Reputation: 1359
Following is the cassandra table schema :
CREATE TABLE my_table ( year text, month text, day text, hour int, min int, sec int, PRIMARY KEY ((year, month, day), hour, min, sec) )
If i run following query using cassandra cql it works:
SELECT * FROM my_table WHERE year ='2017' and month ='01' and day ='16' and (hour,min,sec) > (1,15,0) LIMIT 200
However, when i run same query using spark-cassandra connector it does not work:
sparkSession.read().format("org.apache.spark.sql.cassandra").options(map).load()
.where(year ='2017' and month ='01' and day ='16' and (hour,min,sec) >= (1,15,0)");
I am getting following exception in logs:
> Exception in thread "main" org.apache.spark.sql.AnalysisException:
> cannot resolve '(struct(`hour`, `min`, `sec`) >= struct(1, 15, 0))'
> due to data type mismatch: differing types in '(struct(`hour`, `min`,
> `sec`) >= struct(1, 15, 0))' and (struct<hour:int,min:int,sec:int>
> struct<col1:int,col2:int,col3:int>).; line 1 pos 96
Spark-cassandra-connector version:2.0.0-M3
Spark-version:2.0.0
Any help is much appreciated
Upvotes: 0
Views: 190
Reputation: 16576
Quite simply CQL is not Spark Sql or Catalyst compatible. What you are seeing is a conflict in syntax.
This where clause :
.where(year ='2017' and month ='01' and day ='16' and (hour,min,sec) >= (1,15,0)
Is not directly pushed down to Cassandra. Instead it is being transformed into catalyst predicates. This is where you have a problem
Cataylst sees this
(hour,min,sec) >= (1,15,0)
And tries to make types for them
The left hand side becomes
struct<hour:int,min:int,sec:int>
The right hand side becomes
struct<col1:int,col2:int,col3:int>
These are not tuples, but explicitly typed structs. They cannot be directly compared hence your error. In the DataFrame api you would just define a new Struct with the correct types and make a literal of that but I'm not sure how to express that in SparkSQL.

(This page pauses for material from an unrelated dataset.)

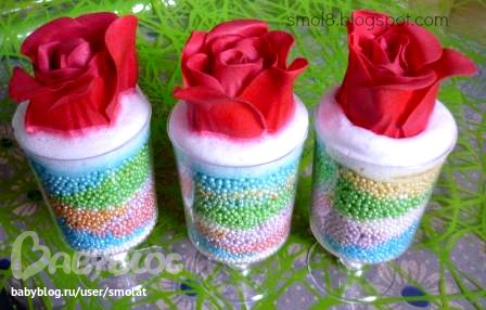 Коктейли с бисером, сверху - взбитое мыло с ароматом смородины.

Regardless this tuple predicate will not be pushed down to Cassandra. The Struct you are defining of hour, min, sec is going to be hidden from Cassandra because the underlying table doesn't provide a Struct<hour, min, sec>
which means that Spark thinks it needs to generate that after pulling the data from Cassandra.
You are better off just using the separate clauses with AND
as mentioned by
@AkashSethi
Upvotes: 1